Market round-up 26-30 August 2019

Thomas Watts

The information in this blog or any response to comments should not be regarded as financial advice. If you are unsure of any of the terminology used you should seek financial advice. Remember that the value of investments can go down as well as up, and could be worth less than what was paid in. The information is based on our understanding in August 2019.

This week

After a bank holiday that saw the UK bask in record temperatures, any extension to what had already been a prolonged break for many would have been warmly received. However, over in the Westminster bubble, this did not seem to be the case.


Wednesday saw the electorate and news broadcasters alike scrambling for their political dictionaries to check a word that had remained buried at the back of even the most knowledgeable commentators’ lexicon; prorogation. Boris Johnson’s plan to prorogue or extend Parliament’s recess by 5 weeks is the longest postponement of the legislature since 1945 and although not too unusual for a new Premier, in order to formulate new policies, Johnson’s timing has raised more than enough scrutiny. With only two months until the UK’s departure from the EU, his critics were keen to point out that a closing down of Parliament restricts further debate over a no-deal Brexit, acting as an “offence against the democratic process” as Commons Speaker John Bercow put it.

As the threat of Britain crashing out of the EU significantly grew, it was not just in Westminster’s communications department that felt the heat. Over in the City, the domestically exposed FTSE 250 slipped 0.7%. Housebuilders, often considered a major bellwether for the UK economy, were punished hardest with Persimmon, Berkeley and Barratt Developments all seeing around 3% wiped off their respective prices. Sterling, much like a cricket ball in an Australian fielder’s hands over the weekend, crashed to the floor. Falling back through $1.22, the pound’s plight helped to boost the Blue-chip index of predominantly dollar earners, rising throughout the week.

China’s Ministry for Commerce

More positive news was to come for the main domestic index as Thursday saw China’s Ministry for Commerce announce they were in discussions to have a face to face trade meeting with Washington and more talks were being scheduled for September. The trade war between the world’s largest two economies has blighted markets for well over a year now, helping to invert the US yield curve and bring about worries of a global recession in the process.
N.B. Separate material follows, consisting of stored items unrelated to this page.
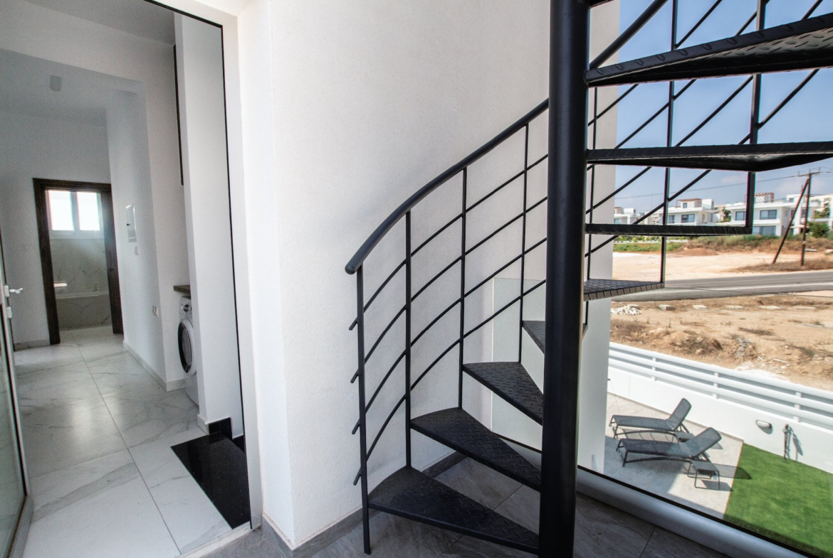 The first floor has an external staircase leading up to the fantastic 60m² roof garden which offers panoramic views of the area, the sea and the picturesque hilltop Church of Ayios Elias.
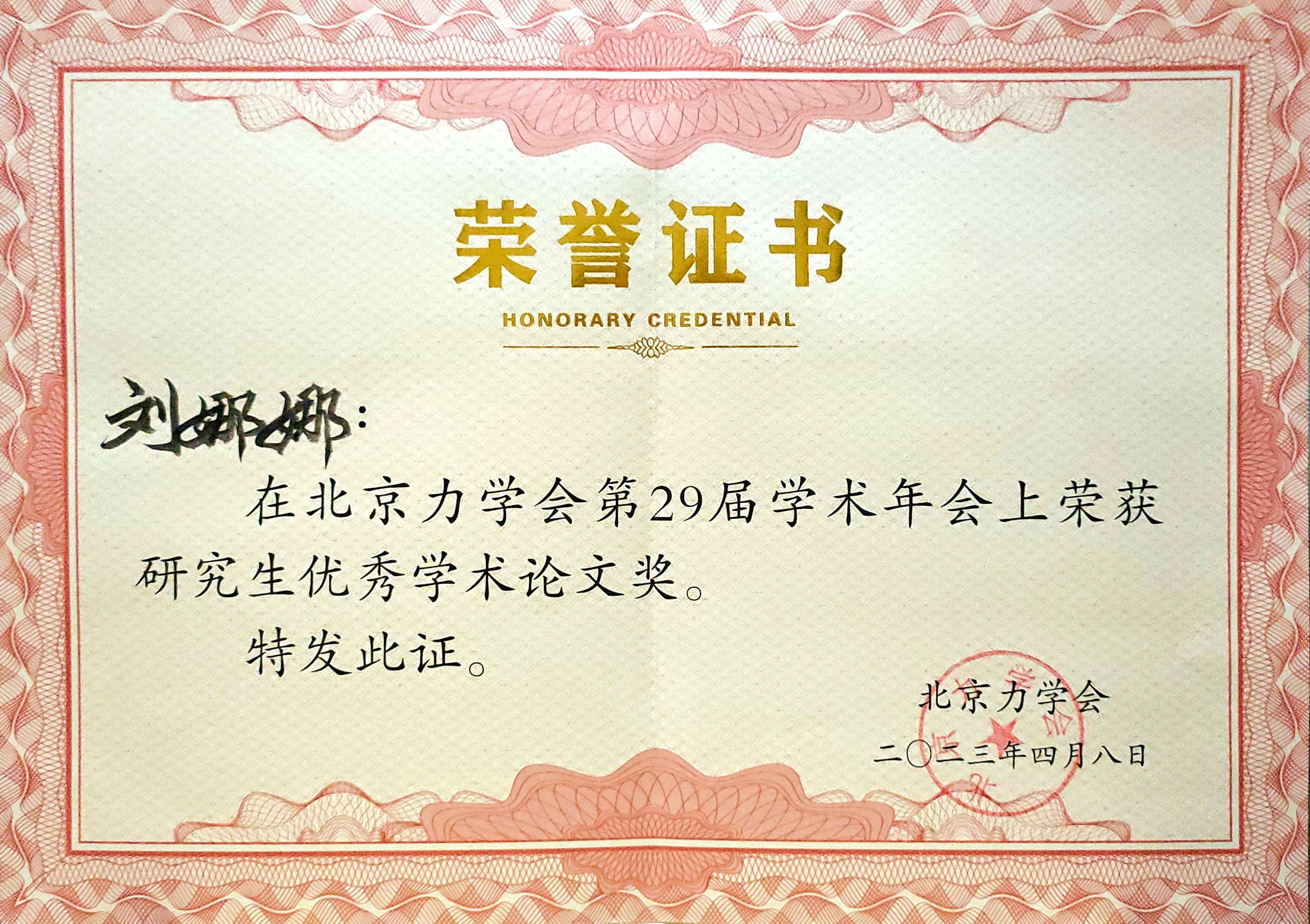 4月8日,北京力学会第29届学术年会在北京理工大学成功举办,星空官网多名教师与研究生参会,获得一项“研究生优秀学术论文奖”。
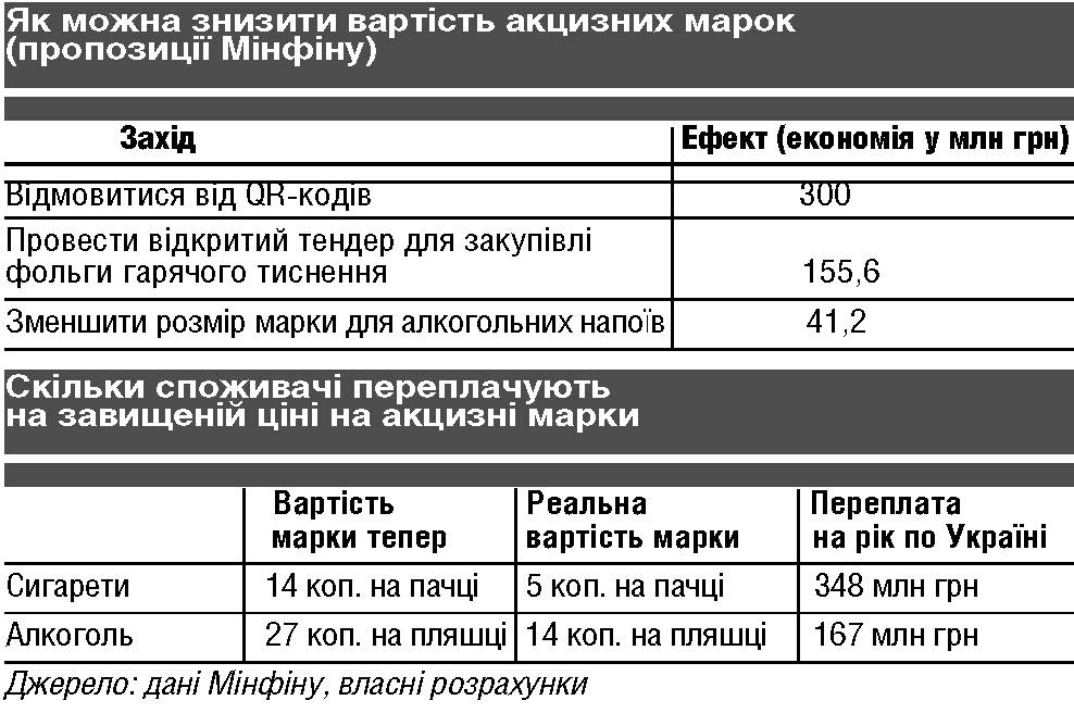 Утім, місяць минув — проекту як не було, так і немає, а покупці підакцизної продукції продовжують переплачувати приватним фірмам, залученим до виготовлення акцизних марок, шалені кошти. За підрахунками Мінфіну, які містяться в офіційному листі міністра фінансів Олександра Шлапака на ім’я голови Державної фіскальної служби України Ігоря Білоуса, через завищені ціни на акцизні марки «виробники і споживачі акцизної продукції змушені додатково переплачувати 515 мільйонів гривень на рік» (в середньому 43 мільйони гривень у місяць).
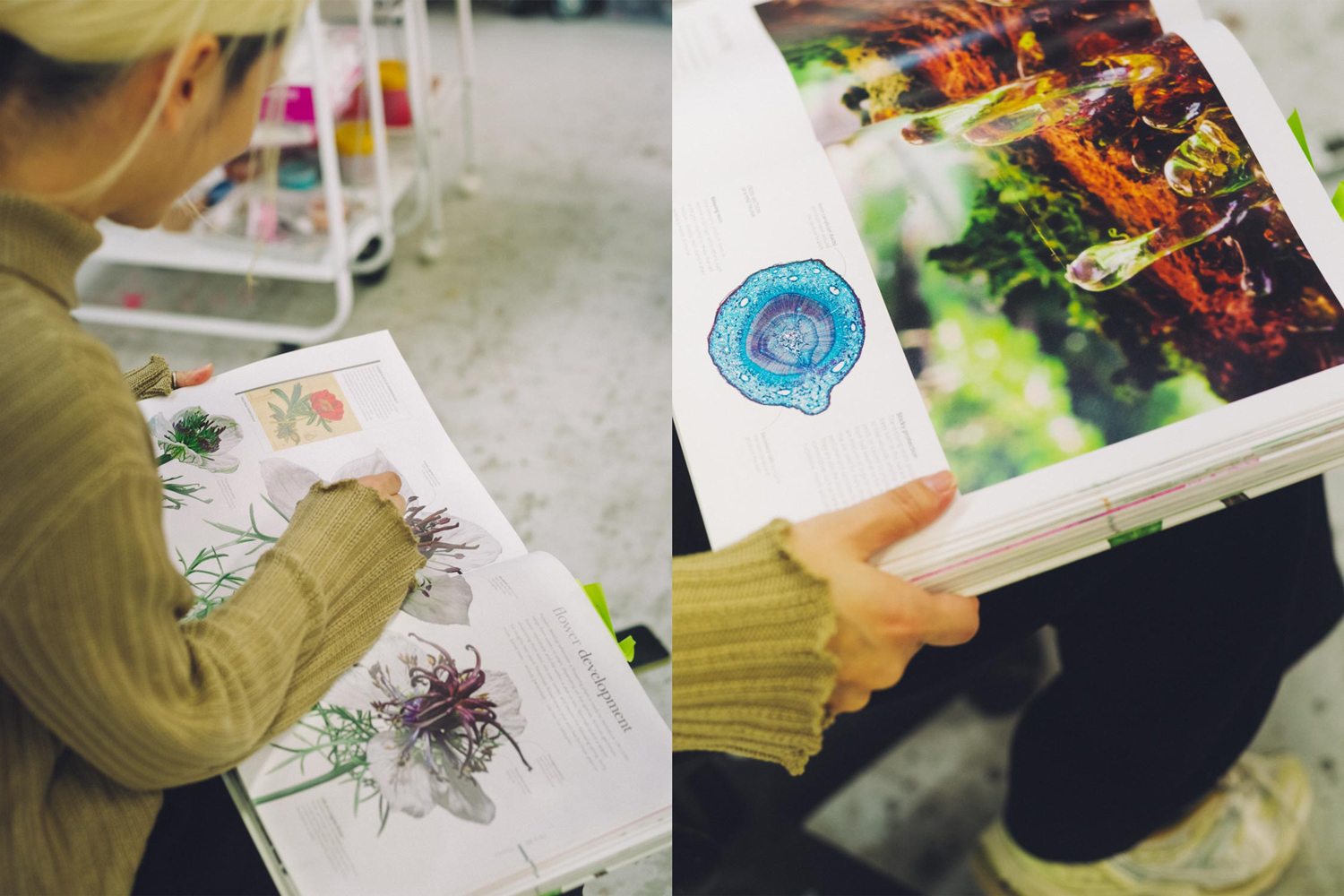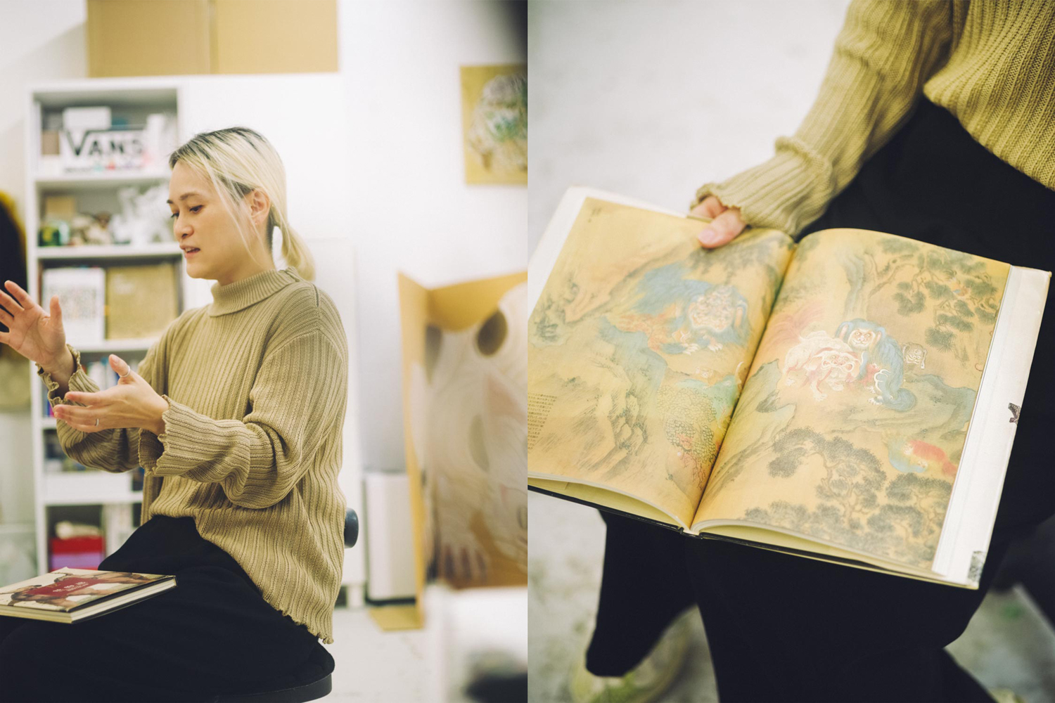 アトリエの本棚から『怪物誌(Fantastic Dozen 12)』を取り出し、開明獣のページを開いたfeebeeさん。「当時は怖くて仕方なかったんです。でも大人になると全然怖くない。なのに“怖かった感情”だけ残っていて」。その感覚が、現在の“見えないものを可視化する”表現の原点になっている

The export heavy Eurostoxx and, in particular, the German DAX rejoiced at the news seeing gains of well over 1% on the day. The rise was despite German preliminary inflation data showing that Europe’s largest economy’s good and services fell 0.2%, against consensus forecasts of a 0.1% fall. Over the previous years, the Eurozone has struggled to boost consumer spending, with inflation staying at relatively benign levels, despite extremely accommodative monetary policy from the European Central Bank.

The week ahead

The upcoming week sees us enter the month of September, a month known for its birthstone, the Sapphire. Blue in colour and remarkably hard, the precious gemstone comes under the category of the mineral Corundum. However, with the UK’s departure date from the EU drawing ever closer, coupled with a newly prolonged parliamentary recess, investors face more of a conundrum rather than Corundum as we enter the final third of the year.

Economic Data

Monday will see the first piece of economic data detailing the domestic economy as Manufacturing PMI numbers are released by the Office of National Statistics. Acting as a leading indicator of economic activity, the data derives from a survey of around 600 purchasing managers who will give their views on business conditions such as employment, production, inventories and new orders. By the very nature of their job, purchasing managers hold the most relevant insights into a company’s view of the economy. A reading of above 50 will indicate an expanding sector with below signaling contraction. After three consecutive readings of below 50, economists and politicians alike will be hoping for some positive news as Brexit uncertainty continues to materialise.

China and the US

Sticking with the theme of geology, the ongoing trade war between China and the US has continued to rock global markets, with consumer sentiment in various exporting economies such as the Eurozone’s largest constituent, Germany, sharply decreasing. Wednesday should give us more of an insight into this trend as Eurostat releases European Retail Sales figures. The numbers will detail the change in the total value of inflation adjusted sales on the High Straßen and rues of Europe. Whilst consumer spending still remains muted on the continent, recent readings have been above consensus, providing some relief for the region’s central bank.

As always, the first Monday of the month signals the release of US Non-Farm Payroll data, a key piece of information when determining the US central bank’s next rate move. With many now expecting the US Federal Reserve to cut rates next rather than raise them, poor employment data could help to reaffirm such suspicions.